Myphoner - Heavy load – Incident details

Heavy load

Resolved
Partial outage
Started almost 5 years agoLasted about 1 hour

Affected

Web Application

Operational from 7:12 AM to 7:12 AM, Partial outage from 7:12 AM to 8:05 AM

Updates
  • Update
    Update

    At a bout 8:54 CEST this morning the response times of our caching service suddenly grew to a level where cache requests started to timeout, falling back to requesting the main database. This in turn put a heavy load on the database, which caused longer response times for database queries in general. Combined this means every request to the app server had to: 1. wait for cache service timeout 2. request the cached content from database instead 3. wait for longer db response times Eventually, this started leading to requests queueing up, and some of the requests started timing out \(requests time out after 30 seconds of sitting in the queue\) As we were working to find solutions, eliminating bottlenecks and optimise for database performance on long running requests, the caching service started responding again at around 9:40 CEST, and everything returned to normal shortly after. When key components like our caching layer or the database becomes unresponsive, it’s hard to work around it, as those components are both hard to replace and hard to scale. However, there’s always takeaways from incidents, and this one was no exception: * We gathered a lot of useful data identifying bottlenecks at certain endpoints of the API and other pages in the app, that we can use for optimising performance in general, going forward. * We learned how important the caching layer is, and regarding that as a single point of failure will help us plan and scale going forward.

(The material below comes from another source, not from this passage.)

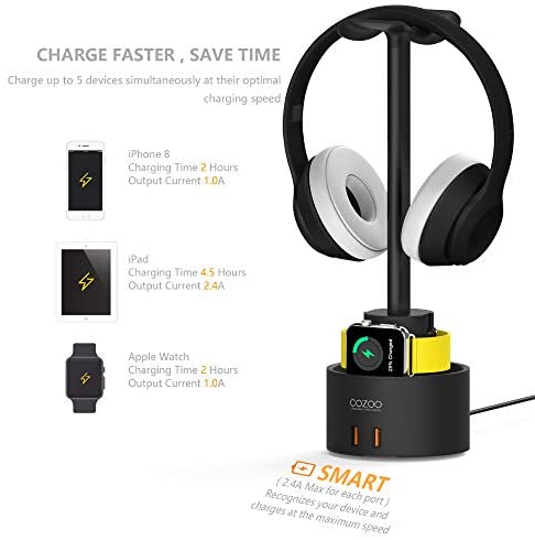 【What You Get】 COZOO Headphone dock / 5-Port USB Charger, 5ft / 1.5m Integrated Power Cord , 24-Month COZOO warranty & 90-DAY money back guarantee.If there is any quality issue for this headphone rack or you are not happy with your purchase, please do not hesitate to contact us.

We apologise for the inconvenience to all who were affected, we know how important Myphoner is to our clients, and we work hard to ensure stability of the platform. This incident included, our uptime over the past 30 days is 99.958%

  • Resolved
    Resolved

    This incident has been resolved.

  • Monitoring
    Monitoring

    Caching service response times are returning to normal. We are continuing to monitor the situation closely.

  • Identified
    Identified

    We're having issues with our caching service, which cause heavy loads on our databases. We are working to ease the load one step at a time.

  • Investigating
    Investigating

    We are currently investigating this issue.